# Bringing our dog to Crete



## Lynandray (Feb 15, 2020)

We are planning to move to Crete, either permanently or for six months each year. We would be bringing our dog with us but have lots of related concerns. We're reluctant to fly him over from the UK and are wondering about driving or whether it is possible to make the journey by rail? Is accidental (or even deliberate!) poisoning a worry when living in Crete - he will not wander the streets but will be walked on a lead but let off to run in any places that are safe. Are stray dogs a problem? We know about the many strays and farm dogs - are they known to attack pets? We are looking at property in the Rethymnon/ Chania area which we know pretty well but, because houses are so much cheaper in the east we plan to take a holiday first in Lassithi to see if that end of the island would suit us. Are there different problems or attitudes in different areas? And what about vets?
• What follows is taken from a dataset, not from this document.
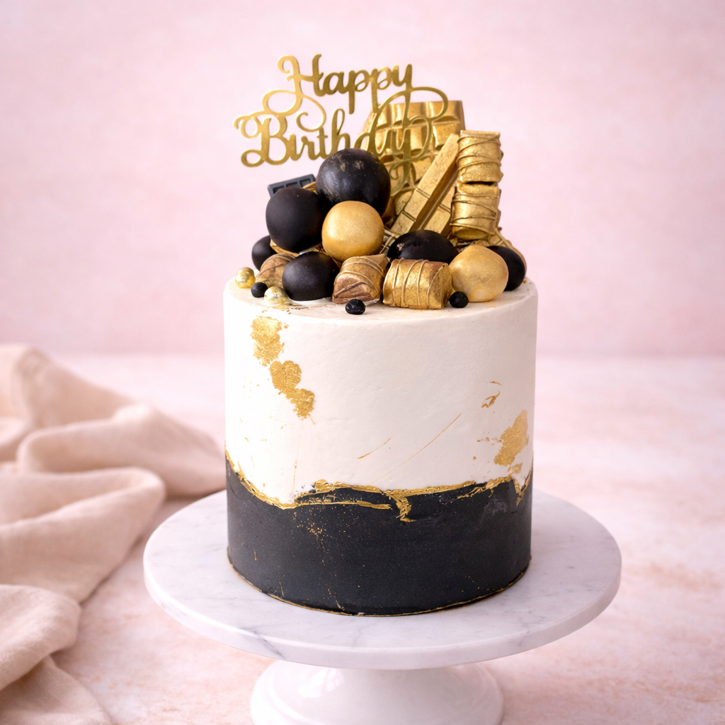 To maintain the freshness of the black and gold cake, it’s best stored in a cool, dry place. If refrigerating, remove it 1–2 hours before serving so the buttercream has time to soften back to its silky texture. This ensures the flavours are enjoyed at their best. Always keep the cake away from direct sunlight or heat sources, as metallic decorations and buttercream can be sensitive to temperature.
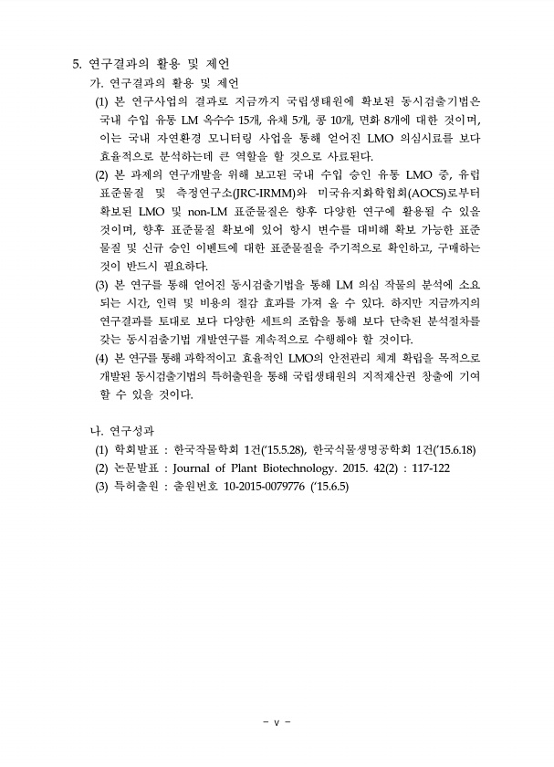 5. 연구결과의 활용 및 제언 가. 연구결과의 활용 및 제언 1 본 연구사업의 결과로 지금까지 국립생태원에 확보된 동시검출기법은 국내 수입 유통 LM 옥수수 15개, 유채 5개, 콩 10개, 면화 8개에 대한 것이며, 이는 국내 자연환경 모니터링 사업을 통해 얻어진 LMO 의심시료를 보다 효율적으로 분석하는데 큰 역할을 할 것으로 사료된다. 2 본 과제의 연구개발을 위해 보고된 국내 수입 승인 유통 LMO 중, 유럽 표준물질 및 측정연구소 JRC-IRMM 와 미국유지화학협회 AOCS 로부터 확보된 LMO 및 non-LM 표준물질은 향후 다양한 연구에 활용될 수 있을 것이며, 향후 표준물질 확보에 있어 항시 변수를 대비해 확보 가능한 표준 물질 및 신규 승인 이벤트에 대한 표준물질을 주기적으로 확인하고, 구매...

Does Crete have vets with modern attitudes to pets - we are used to modern practices and vets who accept our pets are part of the family and worry about getting the 'farm' type who sees animals as livestock. Is veterinary care as good as health care for humans in Crete? Just to be clear - not bringing him is not an option. 
We'd love to talk to anyone else who has confronted these problems. Thanks in advance.


----------



## Going To Greece (May 25, 2020)

Hi

Get a private fly


----------



## just us 2020 (Sep 2, 2020)

Hi

We too are moving to Greece but Zakynthos. We too are or should I say Was concerned but vets are good abroad. We are also flying private, expensive but we think worth it to know our animals are not put under too much stress regarding the usual crating on a normal flight. On a private flight they sit with you not in a hold. We are taking a labrador & 2 cats, around November/December 2020, if all goes to plan with the sale of our house.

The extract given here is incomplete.